___ DATA TO EXAMINE ___

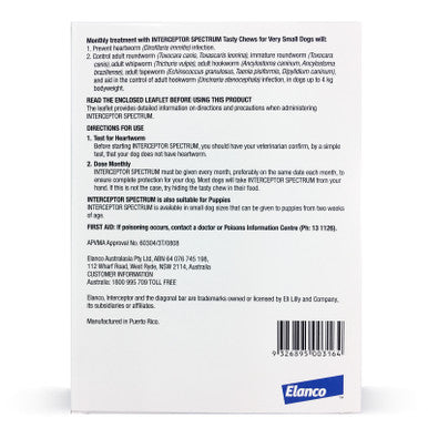 Interceptor Spectrum is especially important for preventing heartworm in dogs as young as 2 weeks old and offers protection against hydatid tapeworm, which can be harmful to humans. The tasty chicken-flavoured chews are highly palatable—94% of dogs enjoy them so much they’ll eat them straight from the hand!
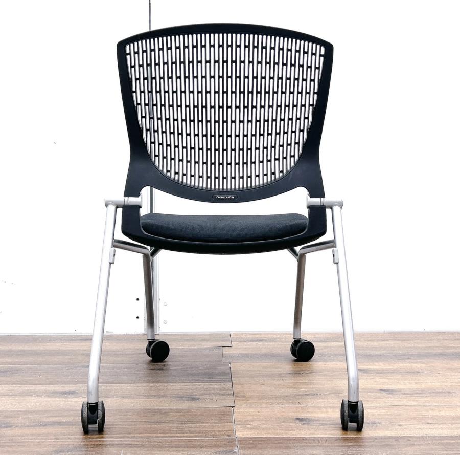 【しなやかにワーカーを受け止める洗練されたデザイン!使わない時は重ねて収納可能!】■オカムラ(okamura)製 グラータ (Grata) 肘無し ミーティングチェア ネスティングチェア ■背面樹脂メッシュ/背パッドなし ■座面:ブラック ■キャスター付
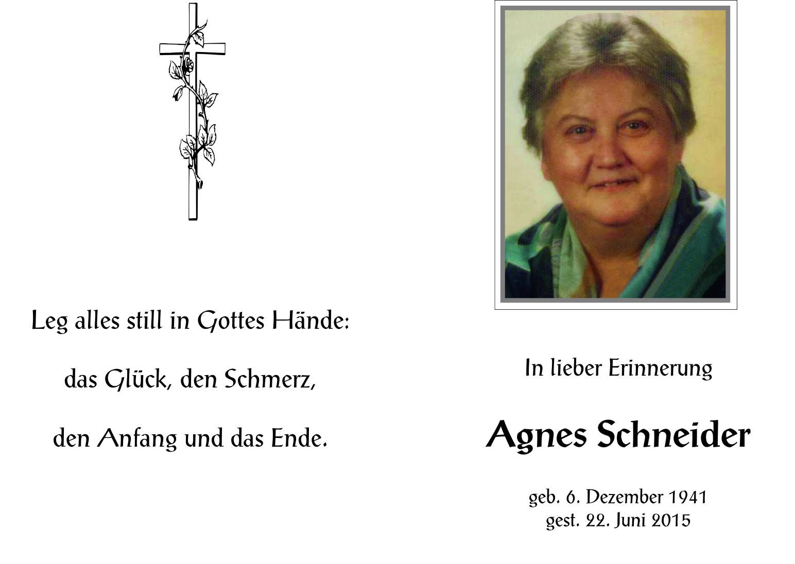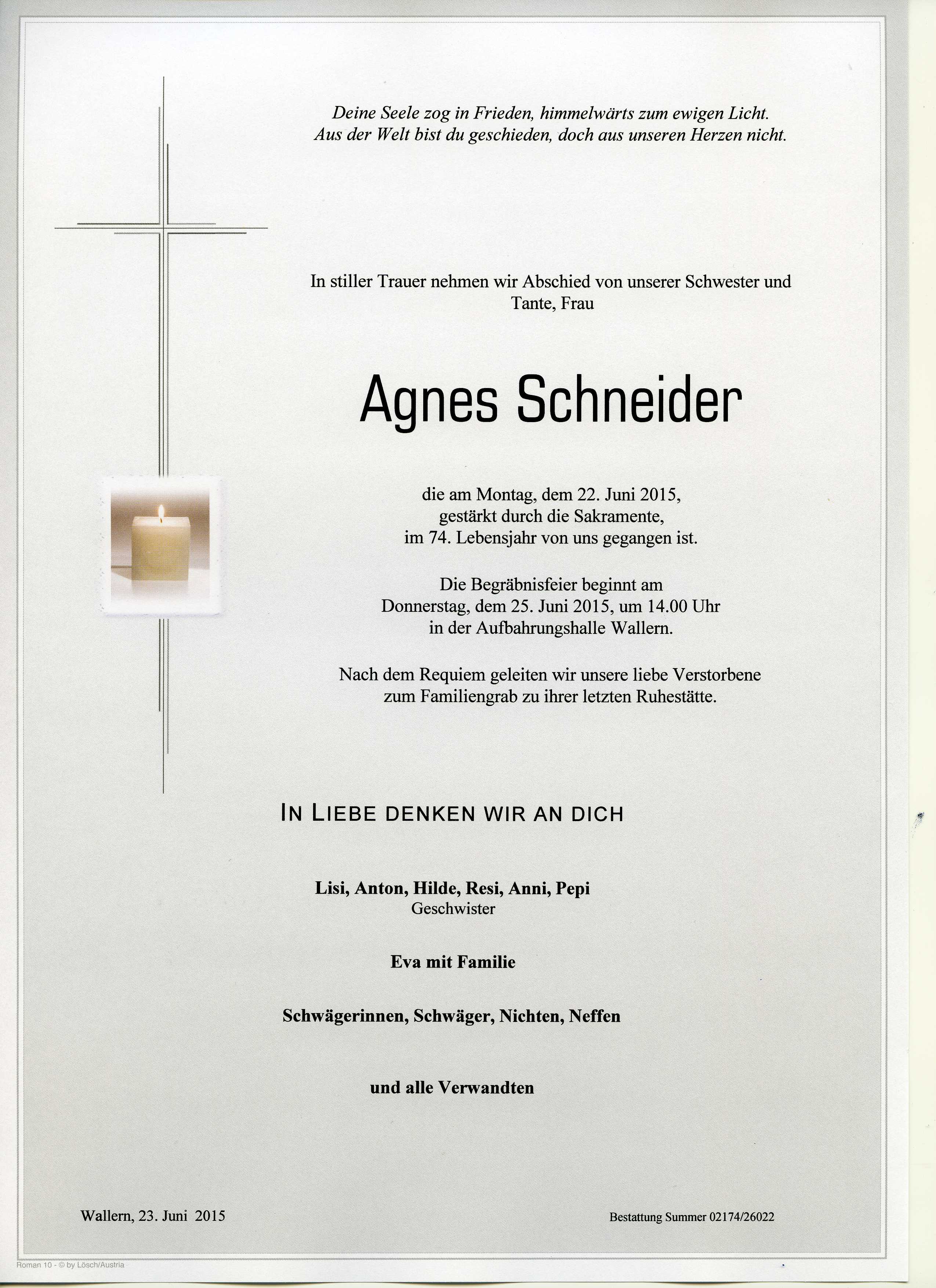 Schneider Agnes aus 7151 Wallern, gestorben am 22. Juni 2015
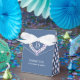 Crystal wedding anniversary party thank you gift box. Personalise with your name. Great to add a touch of personalised crystal 15th wedding anniversary party, dinner parties and informal gatherings. Ideal gift packaging for favours or to place on reception dinner tables or party tables filled with sweets or gifts. Would also make a nice parting commemorative thank you gift. Blue and white heart crystal stones affect art and design by Sarah Trett for www.mylittleeden.com
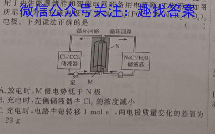 4.无膜氯液流电池是一种先进的低成本高储能电池,可广泛应用于再生能源储能和智能电网的备用电源等,工作原理如图所示,M为多孔碳电极,N为Na3Ti2(PO4)3和NaTi2(PO4)电极。下列说法正确的是(A.放电时,M极电势低于N极B.充电时,左侧储液器中Cl2的浓度减小C.充电时,电路中每转移1mole^-,两电极质量变化的差值为23gD.放电时,N极的m,NNa3T2(P极反应式为NaT2(PO4)3+2Na^++2e2eP
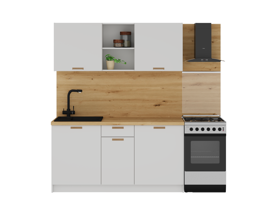Модули в данной комплектации кухни можно менять местами (зеркально), ориентируясь на свою планировку.

___

Should a record include a picture, omit it from your copy and return the rest unchanged.

 Interceptor Spectrum is especially important for preventing heartworm in dogs as young as 2 weeks old and offers protection against hydatid tapeworm, which can be harmful to humans. The tasty chicken-flavoured chews are highly palatable—94% of dogs enjoy them so much they’ll eat them straight from the hand!
 【しなやかにワーカーを受け止める洗練されたデザイン!使わない時は重ねて収納可能!】■オカムラ(okamura)製 グラータ (Grata) 肘無し ミーティングチェア ネスティングチェア ■背面樹脂メッシュ/背パッドなし ■座面:ブラック ■キャスター付
 Schneider Agnes aus 7151 Wallern, gestorben am 22. Juni 2015
 Crystal wedding anniversary party thank you gift box. Personalise with your name. Great to add a touch of personalised crystal 15th wedding anniversary party, dinner parties and informal gatherings. Ideal gift packaging for favours or to place on reception dinner tables or party tables filled with sweets or gifts. Would also make a nice parting commemorative thank you gift. Blue and white heart crystal stones affect art and design by Sarah Trett for www.mylittleeden.com
 4.无膜氯液流电池是一种先进的低成本高储能电池,可广泛应用于再生能源储能和智能电网的备用电源等,工作原理如图所示,M为多孔碳电极,N为Na3Ti2(PO4)3和NaTi2(PO4)电极。下列说法正确的是(A.放电时,M极电势低于N极B.充电时,左侧储液器中Cl2的浓度减小C.充电时,电路中每转移1mole^-,两电极质量变化的差值为23gD.放电时,N极的m,NNa3T2(P极反应式为NaT2(PO4)3+2Na^++2e2eP
Модули в данной комплектации кухни можно менять местами (зеркально), ориентируясь на свою планировку.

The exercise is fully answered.